#### YOUR INSTRUCTIONS:
Stop at the line containing "2025-11-06.- Integrantes del": write out every line from the beginning of the entries up to and including it, minus the pictures.

(Data records)
========
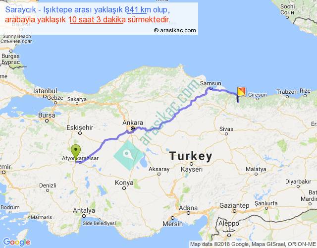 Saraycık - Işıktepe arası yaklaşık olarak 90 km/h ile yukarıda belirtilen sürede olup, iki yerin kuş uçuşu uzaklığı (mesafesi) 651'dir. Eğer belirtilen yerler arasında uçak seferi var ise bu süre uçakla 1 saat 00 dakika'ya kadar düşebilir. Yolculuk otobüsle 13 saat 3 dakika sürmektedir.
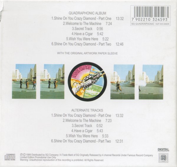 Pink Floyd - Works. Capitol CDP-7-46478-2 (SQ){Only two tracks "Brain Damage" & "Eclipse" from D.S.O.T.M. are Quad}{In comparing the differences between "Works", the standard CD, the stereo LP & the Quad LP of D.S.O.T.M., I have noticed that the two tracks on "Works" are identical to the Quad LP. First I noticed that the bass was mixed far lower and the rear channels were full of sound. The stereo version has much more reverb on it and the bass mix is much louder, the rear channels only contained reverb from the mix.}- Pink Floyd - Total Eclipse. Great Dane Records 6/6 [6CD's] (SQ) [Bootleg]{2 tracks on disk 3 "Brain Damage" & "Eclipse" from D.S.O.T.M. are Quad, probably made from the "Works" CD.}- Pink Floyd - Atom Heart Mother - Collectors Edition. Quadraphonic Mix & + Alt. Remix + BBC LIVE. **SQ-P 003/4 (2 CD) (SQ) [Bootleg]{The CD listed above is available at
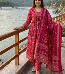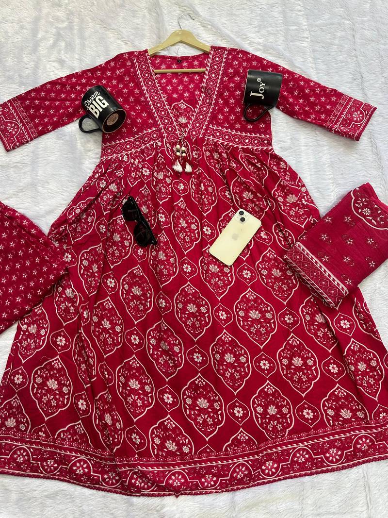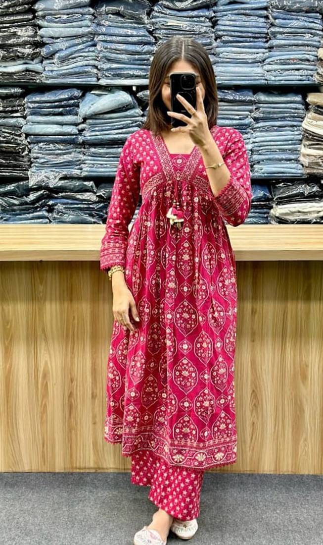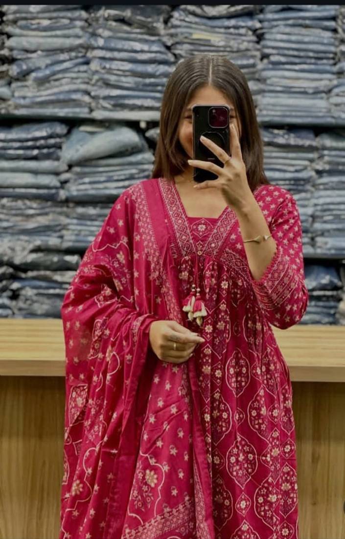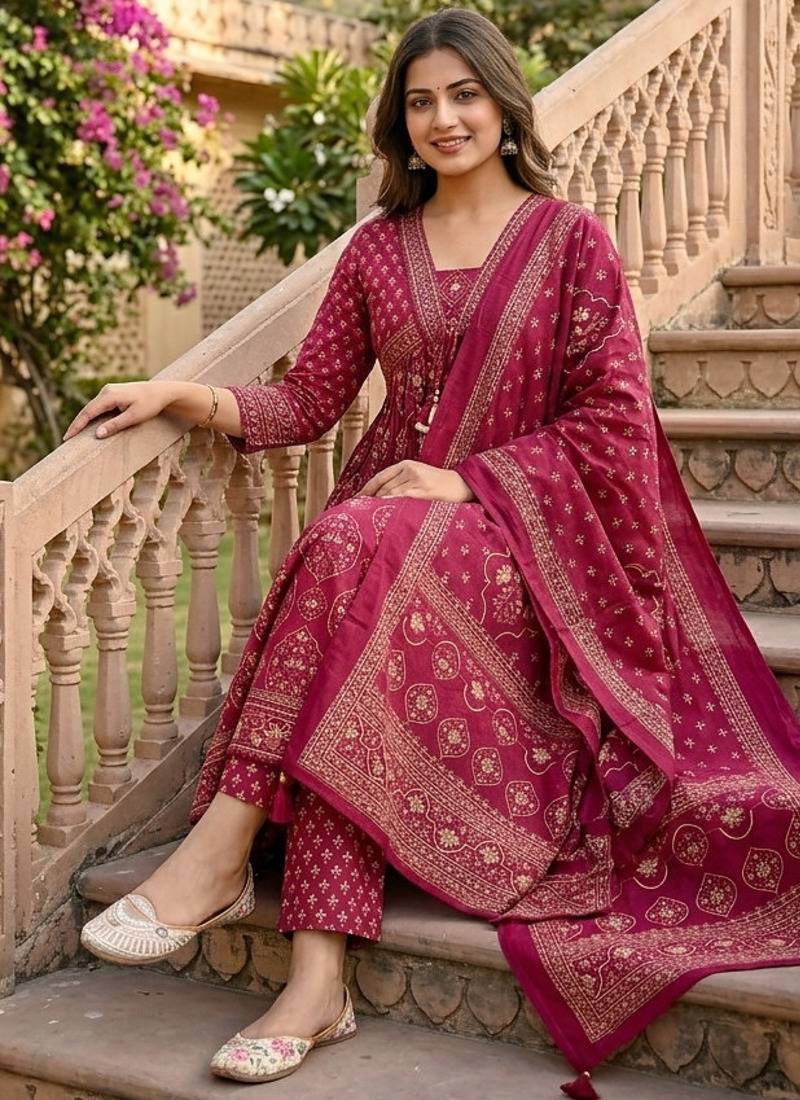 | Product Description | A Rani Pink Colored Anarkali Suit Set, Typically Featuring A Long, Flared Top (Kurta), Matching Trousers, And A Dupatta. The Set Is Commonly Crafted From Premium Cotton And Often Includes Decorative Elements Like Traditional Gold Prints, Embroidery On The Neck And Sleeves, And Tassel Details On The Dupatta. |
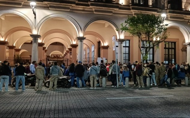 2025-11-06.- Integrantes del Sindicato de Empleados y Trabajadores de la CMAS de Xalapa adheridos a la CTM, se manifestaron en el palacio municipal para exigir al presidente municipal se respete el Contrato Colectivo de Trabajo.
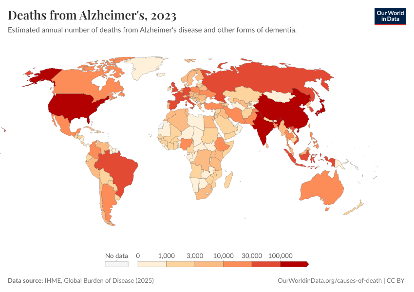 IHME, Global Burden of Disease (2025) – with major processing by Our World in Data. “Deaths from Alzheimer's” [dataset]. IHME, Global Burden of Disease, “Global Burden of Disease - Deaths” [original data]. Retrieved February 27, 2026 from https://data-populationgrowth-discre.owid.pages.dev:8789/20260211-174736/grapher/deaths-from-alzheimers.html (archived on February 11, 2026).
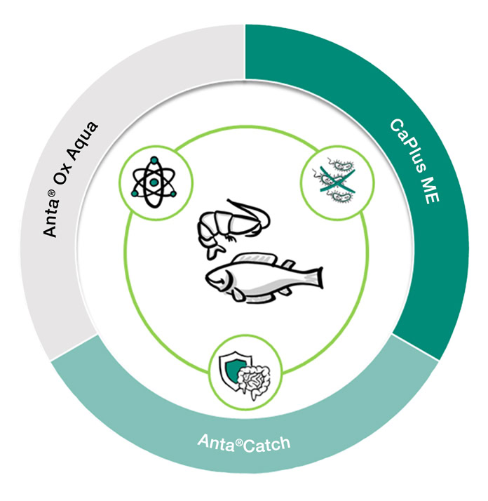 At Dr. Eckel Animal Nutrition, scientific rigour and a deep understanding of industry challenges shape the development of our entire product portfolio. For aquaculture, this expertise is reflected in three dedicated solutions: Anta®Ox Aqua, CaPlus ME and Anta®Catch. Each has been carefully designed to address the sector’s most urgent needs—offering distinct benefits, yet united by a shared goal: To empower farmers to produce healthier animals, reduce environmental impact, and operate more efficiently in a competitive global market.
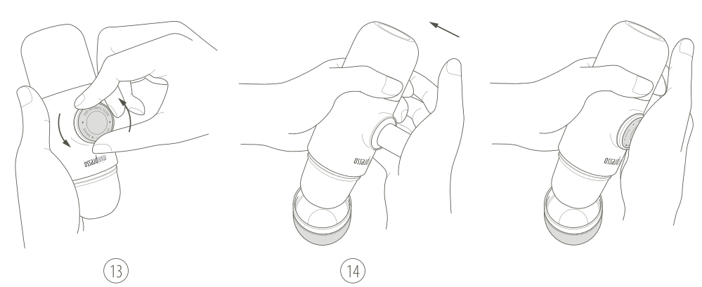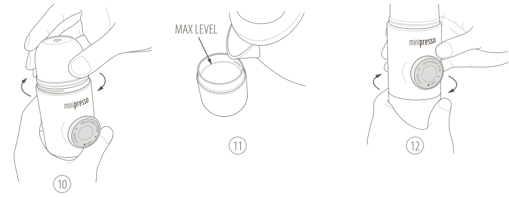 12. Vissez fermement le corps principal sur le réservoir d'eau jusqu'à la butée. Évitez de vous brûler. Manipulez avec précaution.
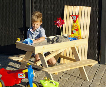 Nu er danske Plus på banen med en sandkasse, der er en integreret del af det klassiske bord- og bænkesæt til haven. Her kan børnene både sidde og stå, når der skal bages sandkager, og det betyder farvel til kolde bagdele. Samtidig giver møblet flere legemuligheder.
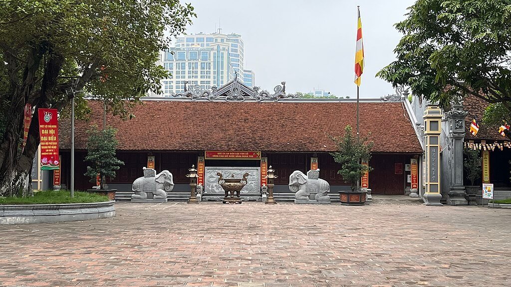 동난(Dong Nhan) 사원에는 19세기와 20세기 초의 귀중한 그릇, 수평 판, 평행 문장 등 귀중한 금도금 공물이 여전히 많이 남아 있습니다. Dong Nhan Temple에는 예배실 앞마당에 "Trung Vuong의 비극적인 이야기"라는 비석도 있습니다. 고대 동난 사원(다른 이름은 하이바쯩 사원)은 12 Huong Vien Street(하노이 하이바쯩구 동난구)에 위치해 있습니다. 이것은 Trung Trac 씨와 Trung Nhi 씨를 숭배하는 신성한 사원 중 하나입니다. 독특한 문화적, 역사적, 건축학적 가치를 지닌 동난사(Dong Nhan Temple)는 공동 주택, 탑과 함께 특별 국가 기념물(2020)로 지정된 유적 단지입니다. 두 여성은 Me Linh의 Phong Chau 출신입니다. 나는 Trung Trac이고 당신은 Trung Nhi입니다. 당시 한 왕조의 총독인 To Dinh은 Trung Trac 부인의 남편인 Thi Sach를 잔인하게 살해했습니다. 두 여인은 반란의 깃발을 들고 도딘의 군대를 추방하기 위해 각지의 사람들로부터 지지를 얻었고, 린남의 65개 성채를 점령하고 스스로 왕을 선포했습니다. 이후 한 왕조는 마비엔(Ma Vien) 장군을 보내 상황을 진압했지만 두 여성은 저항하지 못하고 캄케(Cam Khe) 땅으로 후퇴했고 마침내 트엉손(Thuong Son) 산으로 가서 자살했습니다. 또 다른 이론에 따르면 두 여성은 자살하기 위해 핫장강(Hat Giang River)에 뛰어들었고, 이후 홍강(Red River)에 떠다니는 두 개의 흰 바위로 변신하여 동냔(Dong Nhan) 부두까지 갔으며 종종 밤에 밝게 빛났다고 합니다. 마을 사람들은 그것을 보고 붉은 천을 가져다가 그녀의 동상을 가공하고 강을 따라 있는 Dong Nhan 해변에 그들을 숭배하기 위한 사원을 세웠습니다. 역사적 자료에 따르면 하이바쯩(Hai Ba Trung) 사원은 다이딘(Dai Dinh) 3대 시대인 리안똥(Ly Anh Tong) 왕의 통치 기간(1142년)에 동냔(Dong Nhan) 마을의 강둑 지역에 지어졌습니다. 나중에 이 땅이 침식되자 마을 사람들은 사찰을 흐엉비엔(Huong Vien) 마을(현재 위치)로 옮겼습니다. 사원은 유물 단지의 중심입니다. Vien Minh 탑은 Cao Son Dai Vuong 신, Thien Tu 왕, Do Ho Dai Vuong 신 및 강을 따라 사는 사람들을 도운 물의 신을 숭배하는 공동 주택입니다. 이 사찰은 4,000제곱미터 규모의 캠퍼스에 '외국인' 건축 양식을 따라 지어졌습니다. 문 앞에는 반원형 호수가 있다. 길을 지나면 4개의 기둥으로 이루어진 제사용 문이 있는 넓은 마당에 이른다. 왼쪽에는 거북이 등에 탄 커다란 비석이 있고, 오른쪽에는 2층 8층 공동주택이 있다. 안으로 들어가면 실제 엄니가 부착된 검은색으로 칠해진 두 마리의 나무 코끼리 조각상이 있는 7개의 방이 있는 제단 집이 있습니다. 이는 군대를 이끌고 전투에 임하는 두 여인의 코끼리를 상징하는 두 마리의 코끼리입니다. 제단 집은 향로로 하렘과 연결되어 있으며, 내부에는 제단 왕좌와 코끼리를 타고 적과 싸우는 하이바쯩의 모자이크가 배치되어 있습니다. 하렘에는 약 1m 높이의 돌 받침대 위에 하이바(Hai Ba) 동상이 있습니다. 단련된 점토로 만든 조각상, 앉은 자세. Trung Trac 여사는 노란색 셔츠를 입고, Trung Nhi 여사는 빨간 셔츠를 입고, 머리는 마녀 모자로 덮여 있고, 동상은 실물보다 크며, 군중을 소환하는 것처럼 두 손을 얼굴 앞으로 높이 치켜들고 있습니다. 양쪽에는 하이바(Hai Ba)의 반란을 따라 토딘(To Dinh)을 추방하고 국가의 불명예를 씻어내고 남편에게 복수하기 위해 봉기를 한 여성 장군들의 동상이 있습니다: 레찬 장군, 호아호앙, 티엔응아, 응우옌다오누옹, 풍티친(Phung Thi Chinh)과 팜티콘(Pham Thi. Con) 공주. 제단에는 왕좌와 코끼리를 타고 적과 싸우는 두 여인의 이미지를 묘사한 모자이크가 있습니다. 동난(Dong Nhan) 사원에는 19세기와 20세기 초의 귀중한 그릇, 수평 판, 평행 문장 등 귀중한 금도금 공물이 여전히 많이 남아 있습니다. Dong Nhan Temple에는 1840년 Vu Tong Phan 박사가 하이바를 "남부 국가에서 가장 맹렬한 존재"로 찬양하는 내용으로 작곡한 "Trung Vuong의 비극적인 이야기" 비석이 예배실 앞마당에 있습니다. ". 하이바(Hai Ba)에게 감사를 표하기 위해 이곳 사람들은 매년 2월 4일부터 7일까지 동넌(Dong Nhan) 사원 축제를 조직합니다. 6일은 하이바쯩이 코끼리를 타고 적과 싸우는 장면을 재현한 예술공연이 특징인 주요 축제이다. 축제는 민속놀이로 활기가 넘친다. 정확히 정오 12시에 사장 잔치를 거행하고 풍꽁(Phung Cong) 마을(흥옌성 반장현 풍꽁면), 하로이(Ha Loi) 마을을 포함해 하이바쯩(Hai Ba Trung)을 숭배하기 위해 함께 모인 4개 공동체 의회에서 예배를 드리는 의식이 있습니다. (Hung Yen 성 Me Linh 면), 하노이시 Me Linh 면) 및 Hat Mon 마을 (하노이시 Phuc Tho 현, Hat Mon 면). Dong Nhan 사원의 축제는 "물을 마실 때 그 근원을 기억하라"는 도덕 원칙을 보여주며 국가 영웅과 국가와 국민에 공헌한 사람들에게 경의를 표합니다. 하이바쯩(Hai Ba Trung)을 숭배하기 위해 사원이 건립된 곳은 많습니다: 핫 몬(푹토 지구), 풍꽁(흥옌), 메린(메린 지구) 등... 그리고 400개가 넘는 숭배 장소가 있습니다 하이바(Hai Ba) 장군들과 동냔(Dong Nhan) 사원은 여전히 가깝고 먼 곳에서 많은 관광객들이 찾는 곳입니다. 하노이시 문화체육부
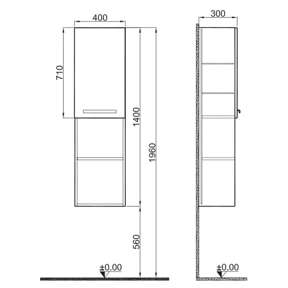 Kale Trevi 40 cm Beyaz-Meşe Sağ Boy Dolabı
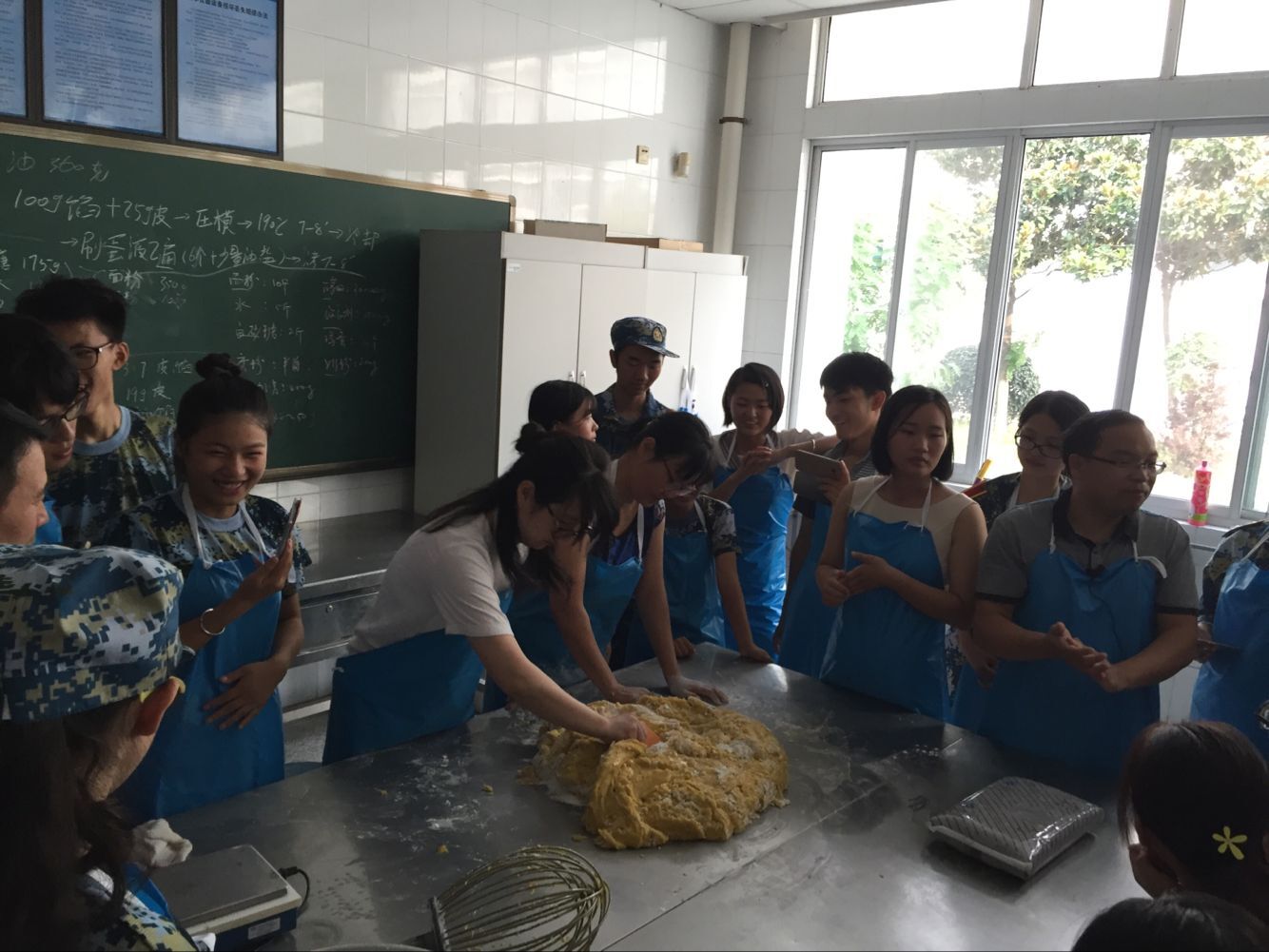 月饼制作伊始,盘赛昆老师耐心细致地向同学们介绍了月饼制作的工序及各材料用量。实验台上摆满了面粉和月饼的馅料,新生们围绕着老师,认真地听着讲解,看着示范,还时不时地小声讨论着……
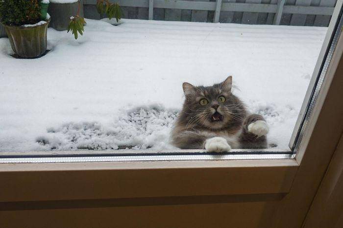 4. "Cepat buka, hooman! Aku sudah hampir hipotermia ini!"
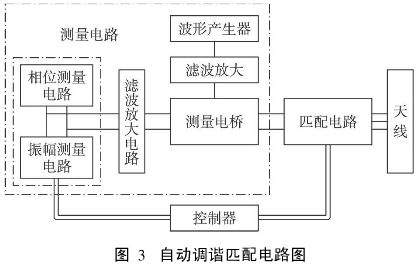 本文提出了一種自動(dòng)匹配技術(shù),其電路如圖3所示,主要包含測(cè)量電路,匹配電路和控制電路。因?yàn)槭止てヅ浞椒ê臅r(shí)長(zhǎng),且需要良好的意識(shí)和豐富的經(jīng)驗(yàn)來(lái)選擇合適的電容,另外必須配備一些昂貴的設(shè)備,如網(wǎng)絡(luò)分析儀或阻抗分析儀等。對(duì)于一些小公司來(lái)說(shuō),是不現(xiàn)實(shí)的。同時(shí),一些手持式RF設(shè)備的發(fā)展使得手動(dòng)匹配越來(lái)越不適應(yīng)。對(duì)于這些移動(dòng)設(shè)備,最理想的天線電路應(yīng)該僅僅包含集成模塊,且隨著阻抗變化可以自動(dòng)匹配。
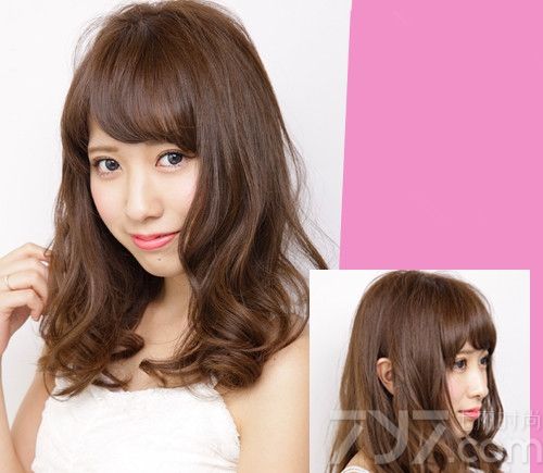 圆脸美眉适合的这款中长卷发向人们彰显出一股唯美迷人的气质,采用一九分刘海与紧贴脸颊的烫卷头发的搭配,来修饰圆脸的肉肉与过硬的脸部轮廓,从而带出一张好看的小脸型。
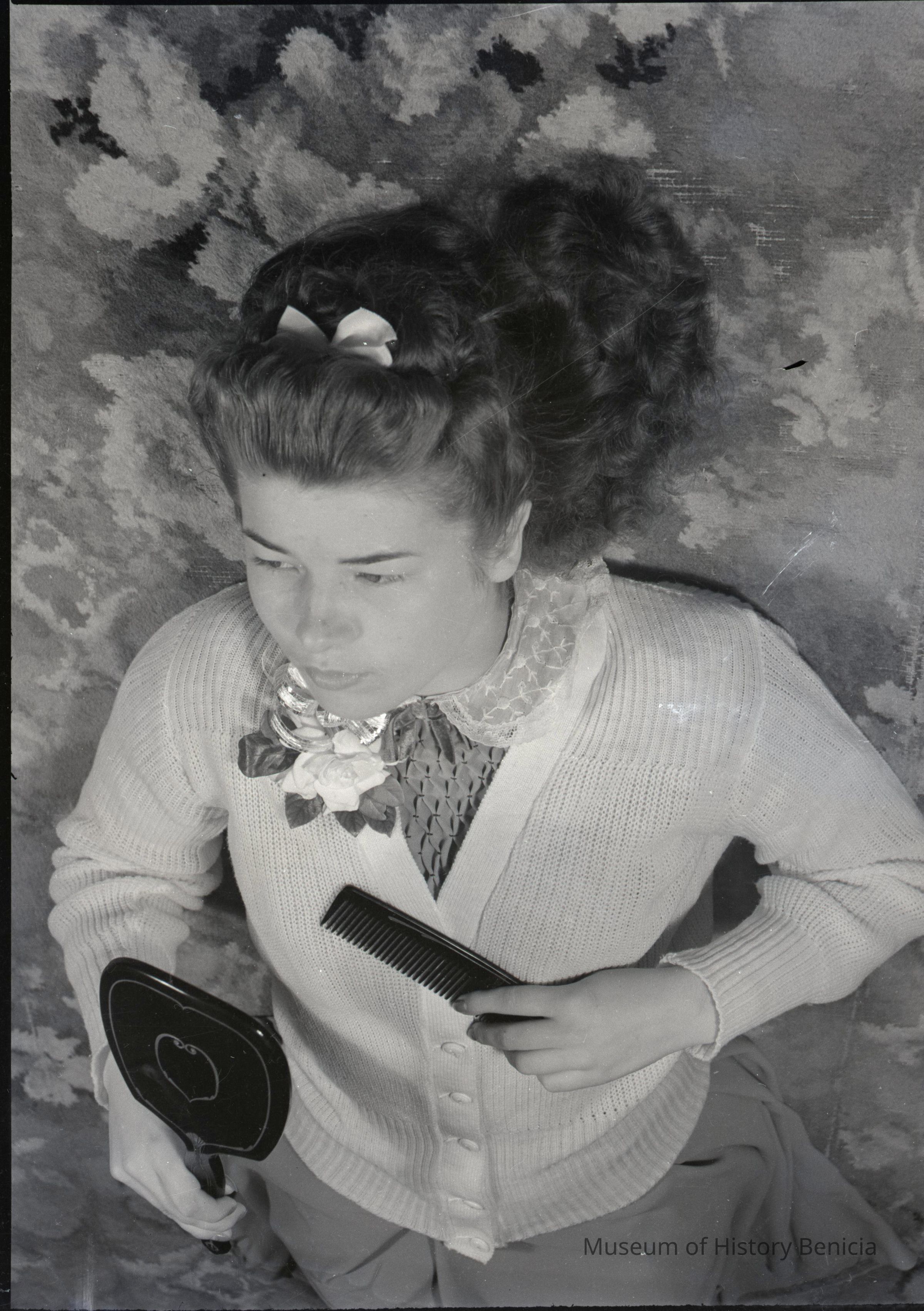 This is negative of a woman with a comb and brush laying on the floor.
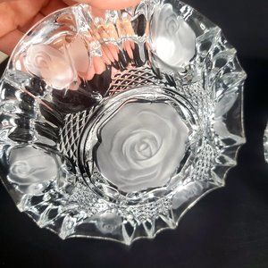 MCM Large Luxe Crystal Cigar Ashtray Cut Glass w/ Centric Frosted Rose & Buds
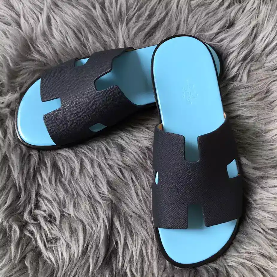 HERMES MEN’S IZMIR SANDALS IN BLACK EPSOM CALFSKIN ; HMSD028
========
#### SOLUTION BELOW:
 Saraycık - Işıktepe arası yaklaşık olarak 90 km/h ile yukarıda belirtilen sürede olup, iki yerin kuş uçuşu uzaklığı (mesafesi) 651'dir. Eğer belirtilen yerler arasında uçak seferi var ise bu süre uçakla 1 saat 00 dakika'ya kadar düşebilir. Yolculuk otobüsle 13 saat 3 dakika sürmektedir.
 Pink Floyd - Works. Capitol CDP-7-46478-2 (SQ){Only two tracks "Brain Damage" & "Eclipse" from D.S.O.T.M. are Quad}{In comparing the differences between "Works", the standard CD, the stereo LP & the Quad LP of D.S.O.T.M., I have noticed that the two tracks on "Works" are identical to the Quad LP. First I noticed that the bass was mixed far lower and the rear channels were full of sound. The stereo version has much more reverb on it and the bass mix is much louder, the rear channels only contained reverb from the mix.}- Pink Floyd - Total Eclipse. Great Dane Records 6/6 [6CD's] (SQ) [Bootleg]{2 tracks on disk 3 "Brain Damage" & "Eclipse" from D.S.O.T.M. are Quad, probably made from the "Works" CD.}- Pink Floyd - Atom Heart Mother - Collectors Edition. Quadraphonic Mix & + Alt. Remix + BBC LIVE. **SQ-P 003/4 (2 CD) (SQ) [Bootleg]{The CD listed above is available at
 | Product Description | A Rani Pink Colored Anarkali Suit Set, Typically Featuring A Long, Flared Top (Kurta), Matching Trousers, And A Dupatta. The Set Is Commonly Crafted From Premium Cotton And Often Includes Decorative Elements Like Traditional Gold Prints, Embroidery On The Neck And Sleeves, And Tassel Details On The Dupatta. |
 2025-11-06.- Integrantes del Sindicato de Empleados y Trabajadores de la CMAS de Xalapa adheridos a la CTM, se manifestaron en el palacio municipal para exigir al presidente municipal se respete el Contrato Colectivo de Trabajo.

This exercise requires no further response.